Example: Using the above table, calculate the percentage of the annual budget for each O&M Item listed in the table below. (If you need to review how to calculate a percentage, see Unit 3 in the Water 130 textbook.) Per the table, the total annual budget for the small water utility is $6,286,030. The total annual cost for water production is $3,950,400. The question is asking what percentage of $6,286,030 is $3,950,400.
Clearly, the majority of the budget is allocated to water production and staffing. Fixed costs are costs that are the same from year to year. Variable costs are costs that change from year to year. List the fixed costs versus variable costs and give an explanation justifying your response. Some might seem fixed, but there are ways to look at them as a variable cost. Others might seem like a variable cost, but in reality, there is limited control of the cost and these would actually be considered fixed.

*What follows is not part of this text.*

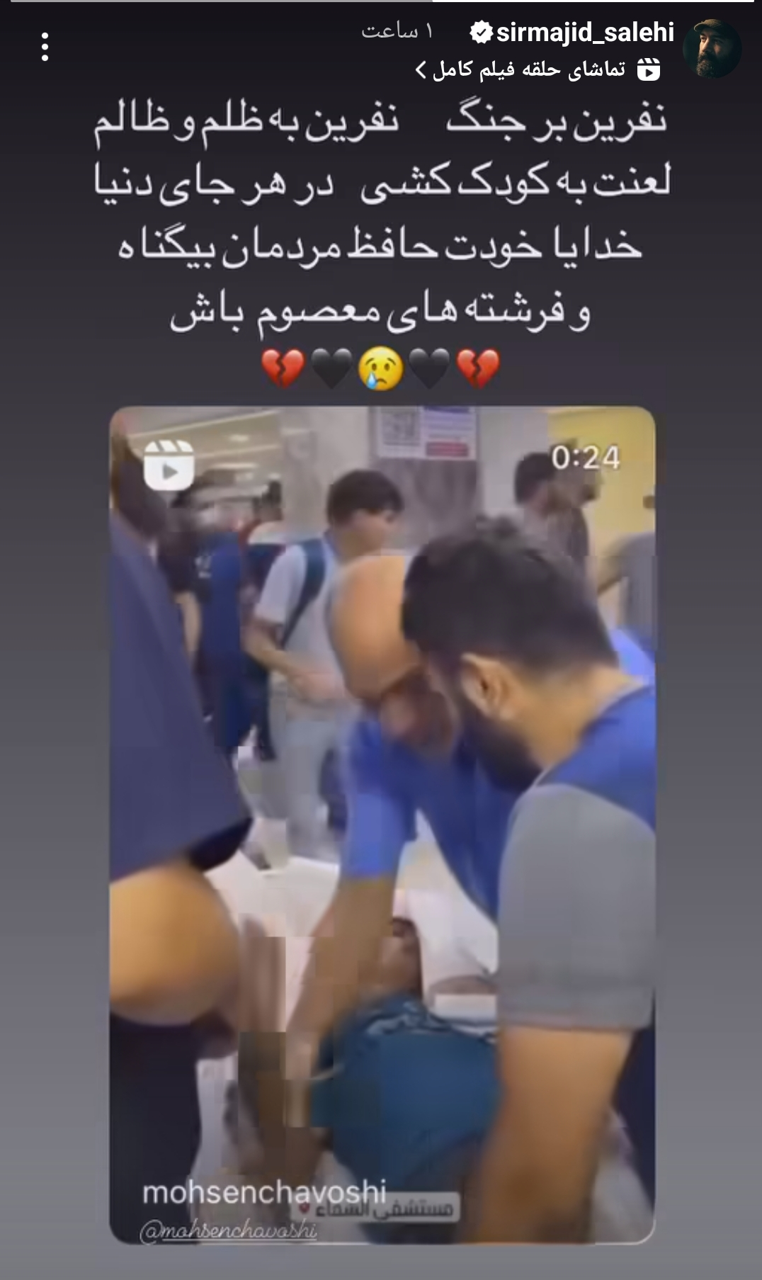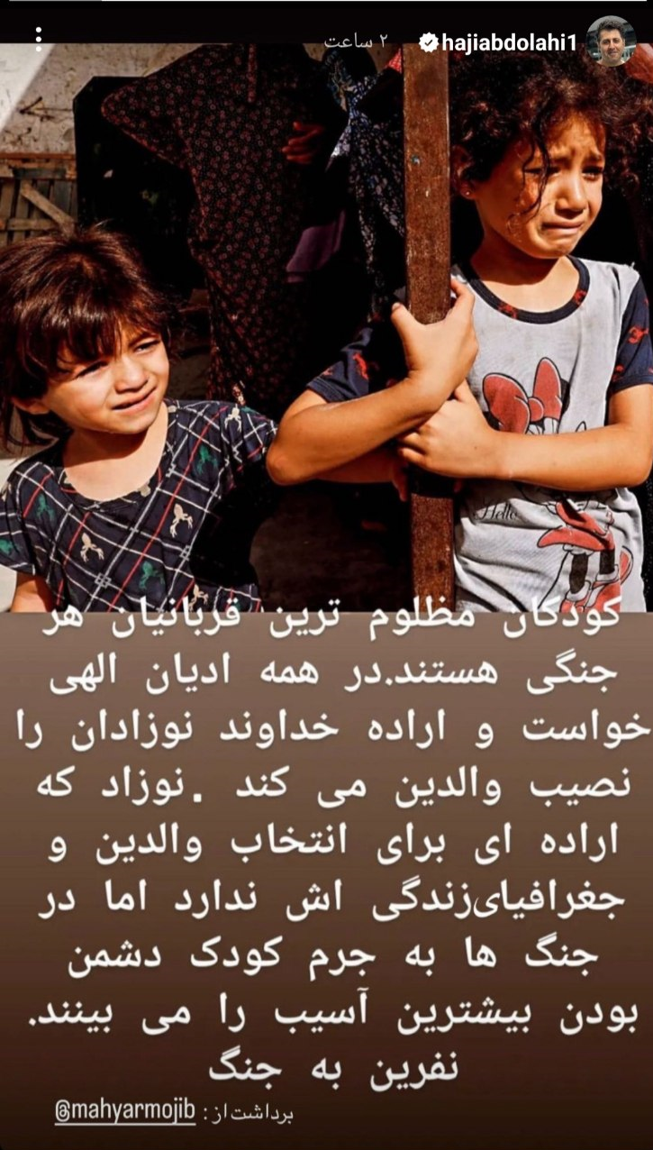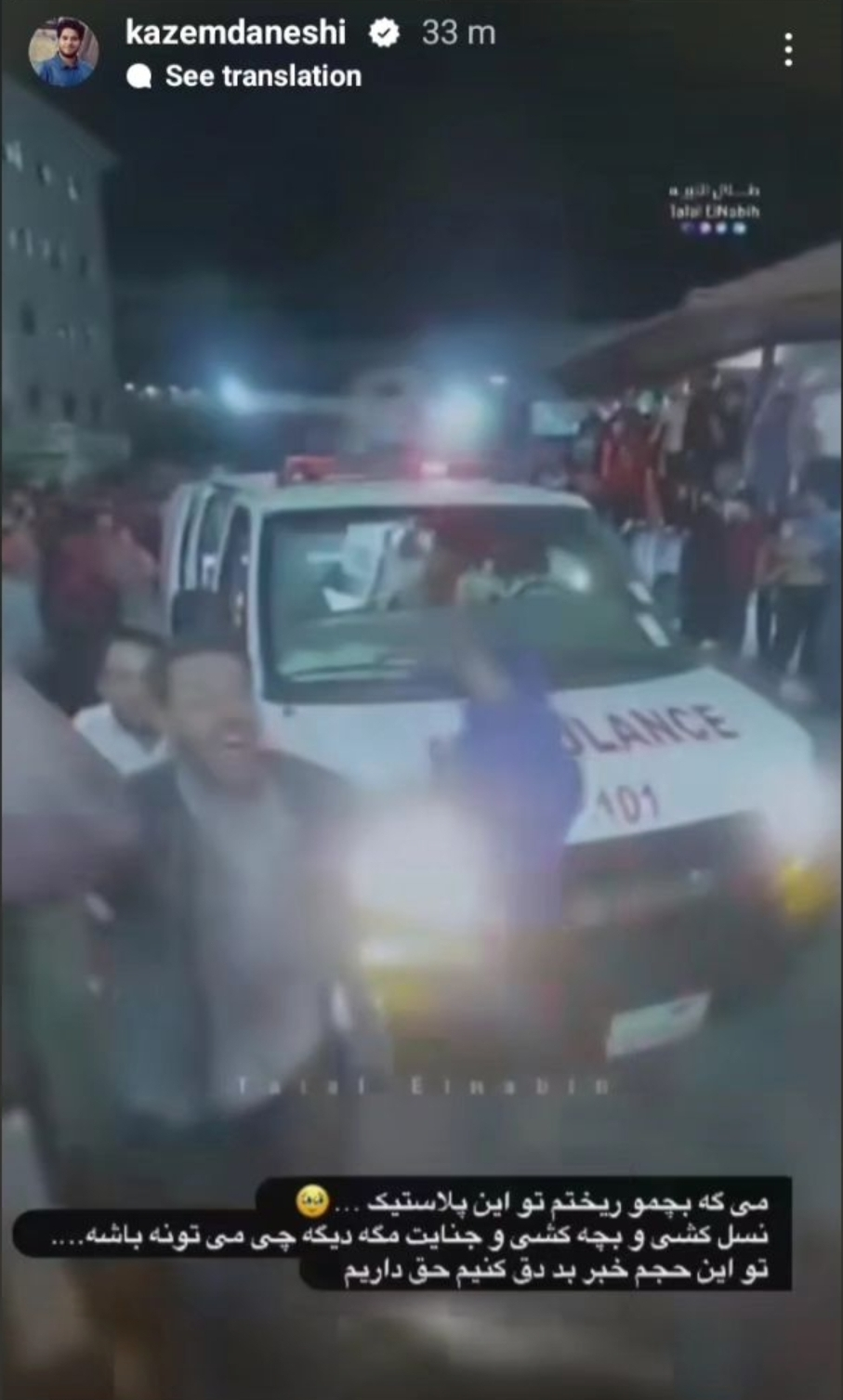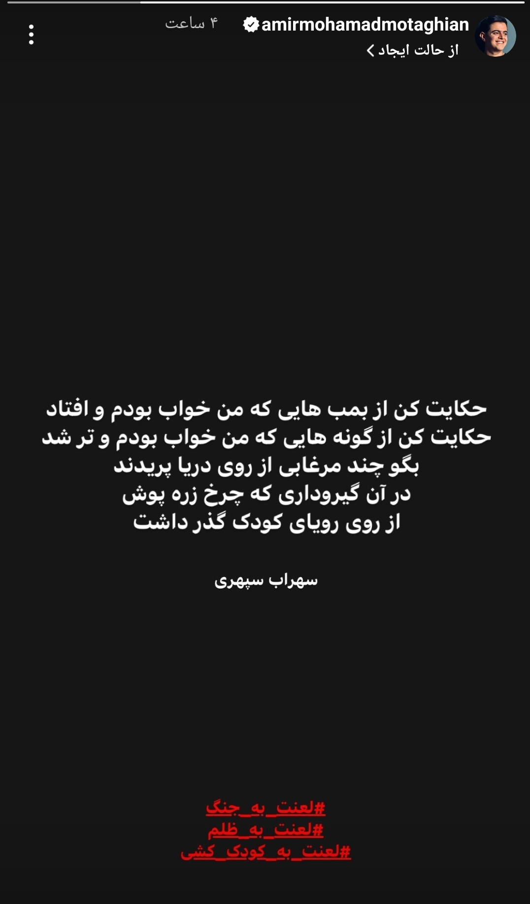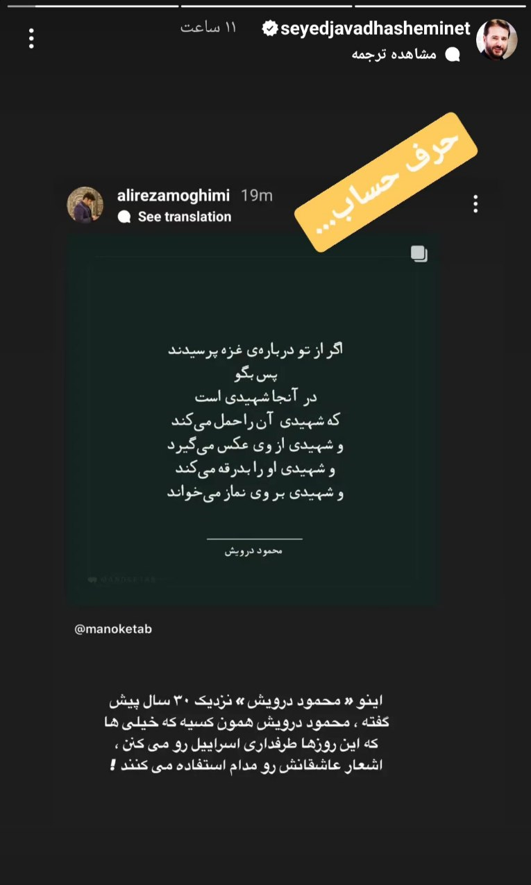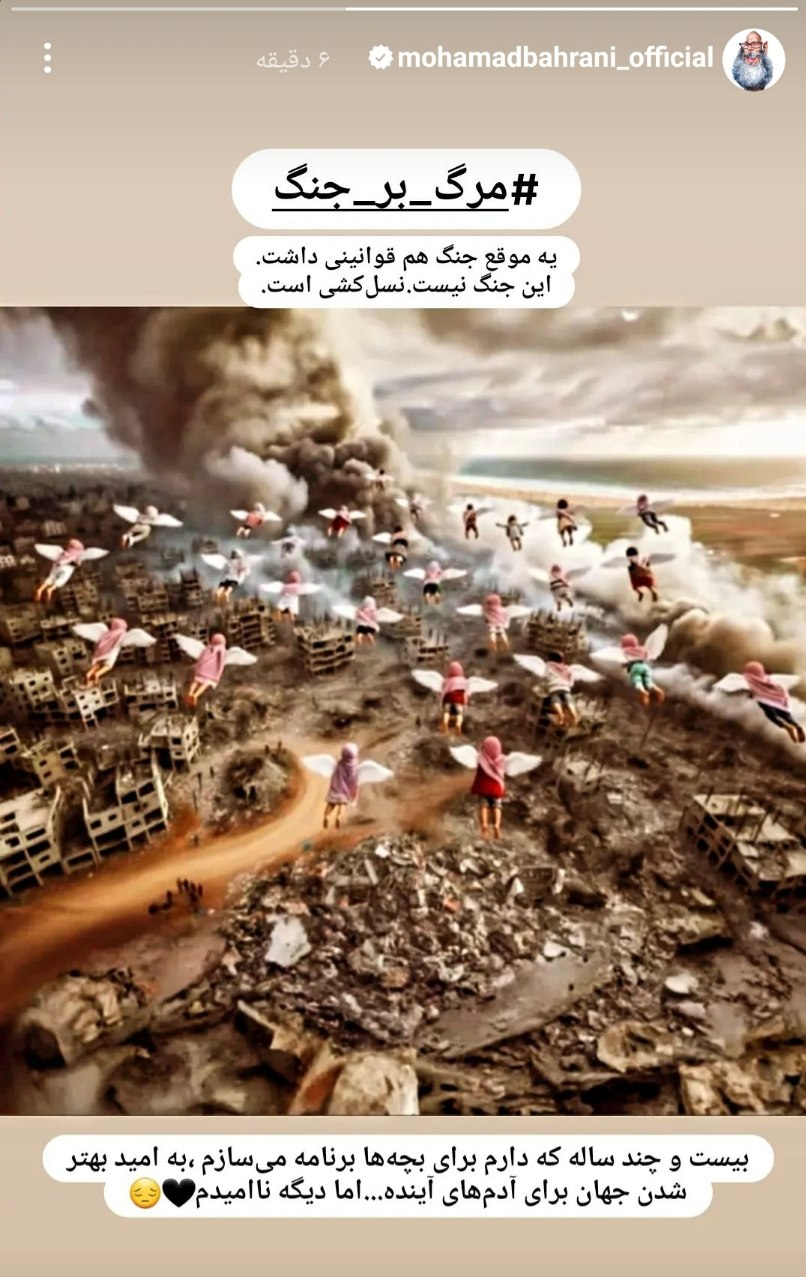 وبحسب مراسل نادي صحفيي تاوانا، فإن الإبادة الجماعية التي تعرض لها العزل ليلة الثلاثاء في قصف النظام الصهيوني لمستشفى “المحمداني” واستشهاد أكثر من 1000 فلسطيني، دفعت بعض المشاهير الإيرانيين إلى الاحتجاج على مقتل الشهيد. أكثر من 3000 شخص من سكان غزة خلال الـ 11 يومًا الماضية، التزموا الصمت للرد. وبطبيعة الحال، لا توجد حتى الآن أخبار عن إدانة مباشرة للكيان الصهيوني في النصوص أو صور المشاهير.

Fixed and Variable Costs Although the cost of water is “fixed”, sometimes water utilities can control the amount that is purchased versus the amount that is pumped from wells. Buying water from another entity can be quite costly. However, more information would be needed about the utility to understand their production flexibilities. Staffing and benefits would also be considered a “fixed” cost but staffing reductions or adjustments in benefits could also occur. There are certain fixed vehicle expenses, such as oil changes, tune ups, and tires. There are also some unknown maintenance issues such as a bad battery or a faulty water pump. These examples can be looked at as either fixed or variable costs. The idea is not to “pigeonhole” these expenses as fixed or variable. Instead, you want to be able to accurately estimate these and other expenses in a budget. It is extremely important that utility managers have a general understanding of the concepts associated with utility management as well as the mathematical computations necessary to support the budgetary decisions being made.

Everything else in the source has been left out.